In conclusion, our study highlights the critical role of the functional spliceosome in maintaining cellular, tissue, and organismal homeostasis. We have identified Xrp1 as a key driver of stress responses triggered by U5 snRNP scarcity and implicated cellular senescence, governed by the C/EBP family bZIP transcription factors, in pathologies caused by U5 snRNP dysfunction. Given the emerging evidence linking pre-mRNA splicing to the aging process (133–137), dysregulation of splicing factors observed in aging might fuel the accumulation of senescent cells, promoting the decline of cellular and tissue functions, and the development of age-related disease. The striking similarity between the phenotypes induced by Ecd deficiency and the pathogenic Prp8 mutant protein, together with their dependence on Xrp1, underscores the involvement of Ecd in U5 snRNP biogenesis. Whether Ecd loss affects PAQosome-mediate assembly of client protein complexes other than U5 snRNP and how their dysfunction contributes to stress-induced senescence represents an interesting avenue for further investigation.
Supplementary Material
Acknowledgements
The authors thank Alexandra Trifunovic Laboratory, the Bloomington Drosophila Stock Center supported by NIH [NIH P40OD018537] (BDSC, Bloomington, IN, USA), the Drosophila Genomics Resource Center supported by NIH [2P40OD010949] (DGRC, Bloomington, IN, USA), the Zurich ORFeome Project (FlyORF, Zurich, Switzerland), the Vienna Drosophila Resource Center (VDRC, Vienna, Austria), and the Developmental Studies Hybridoma Bank (DSHB, Iowa City, IA, USA) for fly stocks, plasmids, and antibodies. The authors are grateful to Tina Bresser, Agnieszka Sokol and Nils Teuscher for generation of transgenic lines, fly stock maintenance and technical assistance. We also thank the RNA team of the Cologne Center for Genomics (CCG) for the preparation and sequencing of the RNA libraries.
Authors contributions: D.S. and M.U. conceived the study. D.S., L.T. and M.U. carried out the investigation. D.S., L.T. and M.U. performed formal analysis. D.S. wrote the initial draft. D.S., L.T. and M.U. wrote the manuscript and generated the visualizations therein. M.U. provided supervision, project administration, and funding.
Contributor Information
Dimitrije Stanković, Institute for Genetics and Cologne Excellence Cluster on Cellular Stress Responses in Aging-Associated Diseases (CECAD), University of Cologne, Cologne 50931, Germany.

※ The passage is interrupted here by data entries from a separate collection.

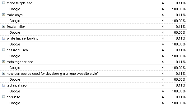 Отчет "Трафик по ключевым словам" может также показать вам низкочастотные термины. На рис. 9.3 изображен фрагмент из отчета по естественным поисковым фразам из пакета Yahoo! Web Analytics, в котором показаны некоторые из низкочастотных терминов для сайта Stone Temple Consulting (http://www.stonetemple.com).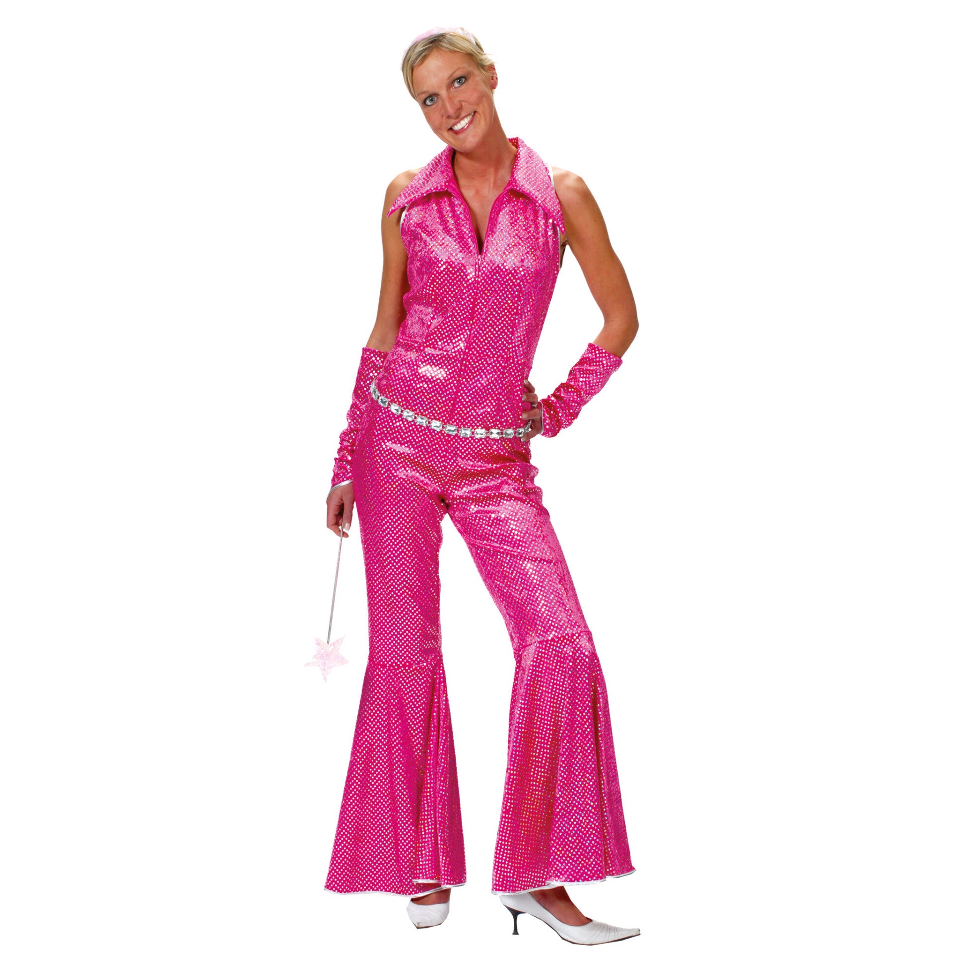 Stralend de dansvloer op in dit zwart glitter discopak! Perfect voor elke feestelijke gelegenheid waar je wilt schitteren.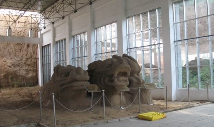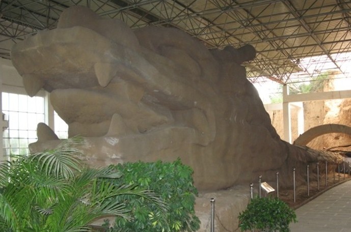 專門用來保護古石龍的龍文化保護館于今年夏天剛剛建成,該館長50米,寬40米,高8米,依臥龍崗而建,剛好可以把發(fā)掘出來的這十條古石龍保護起來。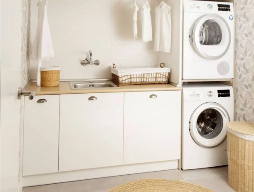 Un ejemplo: muchas personas remojan primero la ropa en la bacha y luego la colocan en el lavarropas (todo continuo para no mojar el piso). En este caso, se va necesitar colocar una máquina lavadora que esté pegada a la pileta. Esta opción además es súper funcional, ya que se aprovecha un mismo desagüe.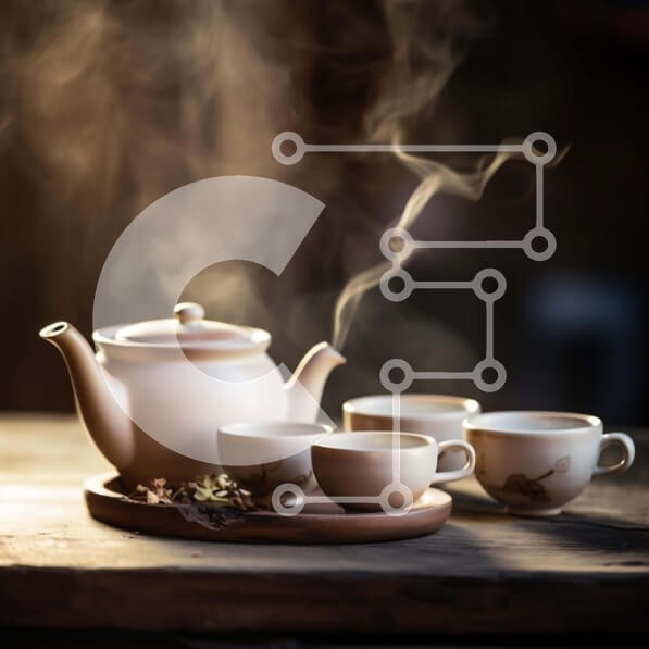 Υπάρχει δυνατότητα προσωποποίησης με δική σας φωτογραφία και προσαρμογής διαστάσεων κατόπιν παραγγελίας. Το συγεκεριμενο puzzle παρουσιαζει Αυτή η εικόνα δείχνει μια τσαγιέρα, φλιτζάνια και πιατάκια τοποθετημένα πάνω από έναν ανοιχτό ξύλινο δίσκο. Η τσαγιέρα εκπέμπει ατμό, υποδεικνύοντας ότι χρησιμοποιείται για την παρασκευή τσαγιού. Υπάρχουν επίσης διάφορα μαχαιροπίρουνα διάσπαρτα γύρω από την επιφάνεια εργασίας,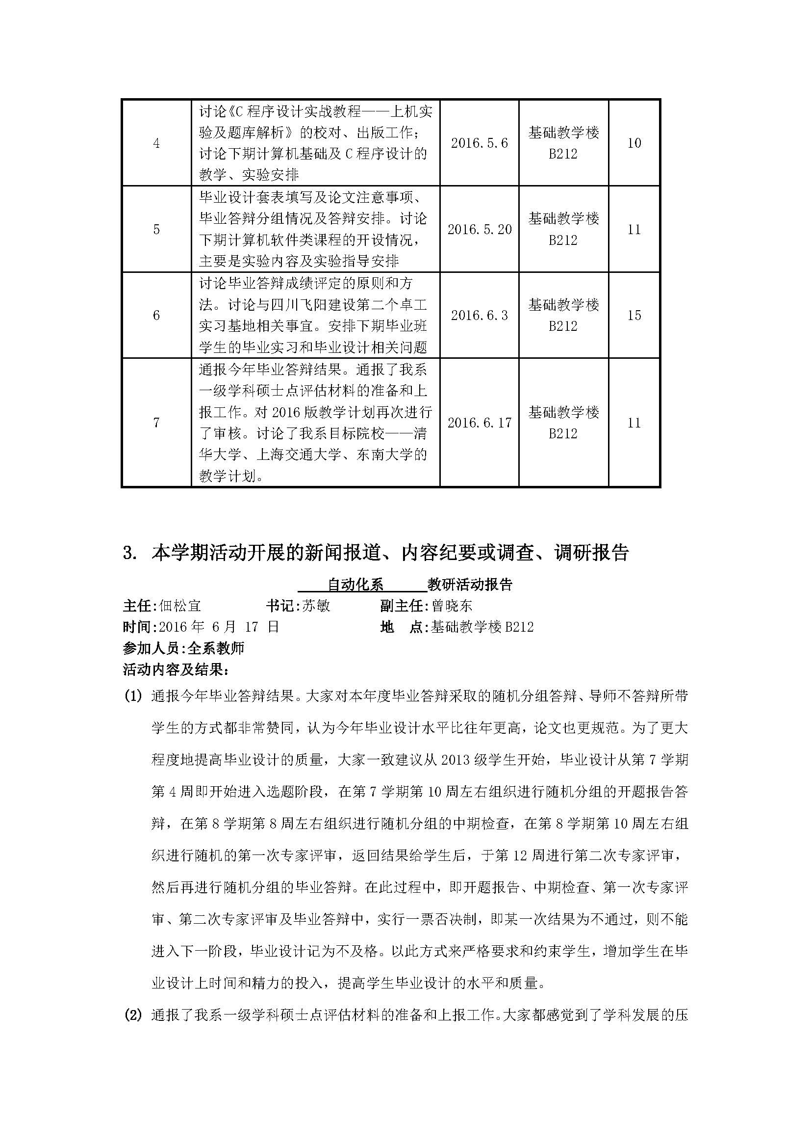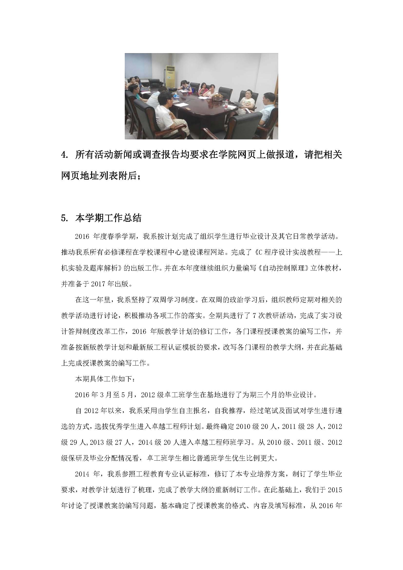 自动化2016年(春季学期)教学活动简报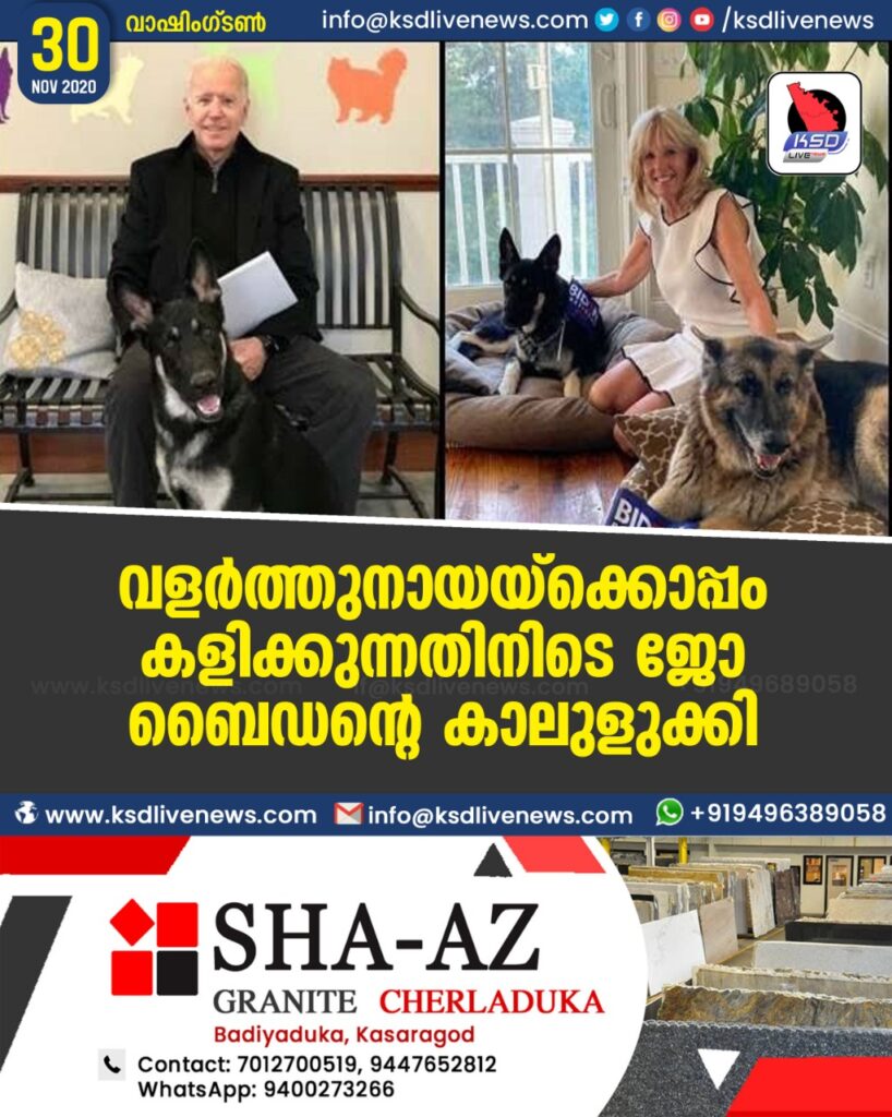 വാഷിങ്ടൺ: നിയുക്ത അമേരിക്കൻ പ്രസിഡന്റ് ജോ ബൈഡന്റെ കാലുളുക്കി. മേജർ എന്ന വളർത്തുനായയ്ക്കൊപ്പം കളിക്കുന്നതിനിടെയാണ് അദ്ദേഹത്തിന് പരിക്കേറ്റത്. അതേസമയം ബൈഡന്റെ എല്ലുകൾക്ക് പൊട്ടലുകളില്ലെന്ന് അദ്ദേഹത്തിന്റെ ഓഫീസ് അറിയിച്ചു.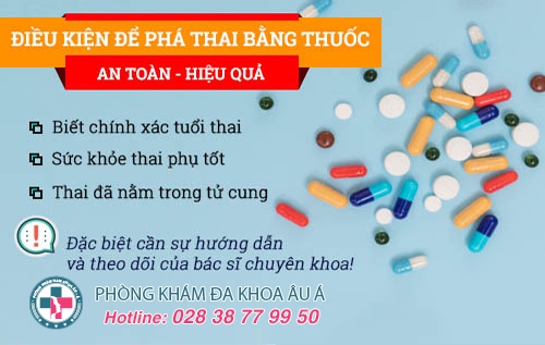 Phá thai bằng thuốc được thực hiện khi thai được 7 tuần tuổi trở xuống (tính từ ngày đầu tiên của kỳ kinh cuối cùng), thai đã vào bên trong tử cung và sức khỏe của người mẹ đảm bảo, không bị mắc các bệnh lý về nội khoa, phụ khoa như tim mạch, huyết áp hay dị ứng với thuốc.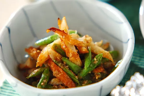 インゲンとちくわを炒めて、ゴマダレで和えた一品。食材を炒めることで、旨みと香ばしさが増して、なんともいえないおいしさです。冷めてもおいしさが損なわれにくいため、お弁当のおかずにするのもいいですね。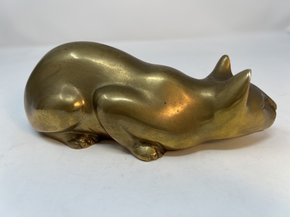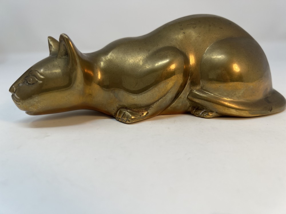 Vintage Solid Brass Crouching Cat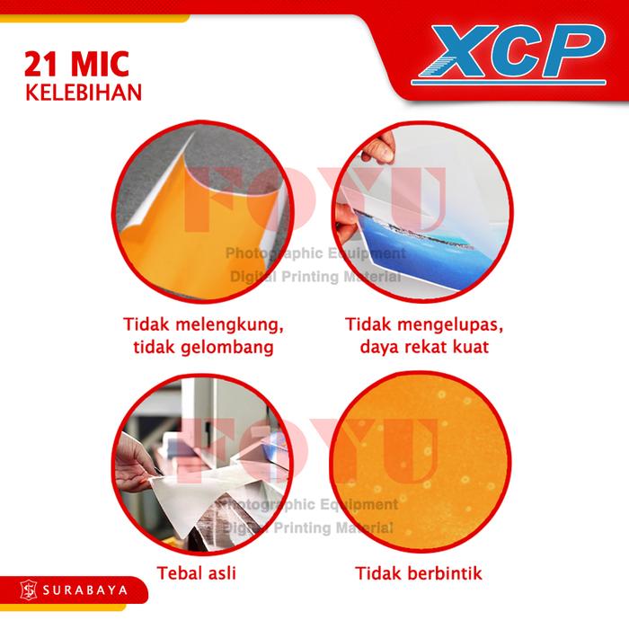 PLASTIK LAMINASI PANAS BOPP THERMAL XCP ROLL 21 MIC 33CM X 150M BLUE MESIN - HIJAU (GLOSSY)

Luke S Tain, Institute for Genetics and Cologne Excellence Cluster on Cellular Stress Responses in Aging-Associated Diseases (CECAD), University of Cologne, Cologne 50931, Germany.
Mirka Uhlirova, Institute for Genetics and Cologne Excellence Cluster on Cellular Stress Responses in Aging-Associated Diseases (CECAD), University of Cologne, Cologne 50931, Germany.
Data availability
The raw and processed next generation sequencing data have been deposited in NCBI’s Gene Expression Omnibus (RRID:SCR_005012) and are accessible through GEO Series accession numbers GSE213325 for the Targeted DamID data (https://www.ncbi.nlm.nih.gov/geo/query/acc.cgi?acc=GSE213325), GSE203127 and GSE213298 for the RNA-Seq data (https://www.ncbi.nlm.nih.gov/geo/query/acc.cgi?acc=GSE213298), (https://www.ncbi.nlm.nih.gov/geo/query/acc.cgi?acc=GSE203127).
Supplementary data
Supplementary Data are available at NAR Online.
Funding
Deutsche Forschungsgemeinschaft (DFG, German Research Foundation) [CECAD, EXC 2030, UH 243/6-1 to M.U.]. Funding for open access charge: University of Cologne; Deutsche Forschungsgemeinschaft (DFG, German Research Foundation) [UH 243/6-1 to M.U.].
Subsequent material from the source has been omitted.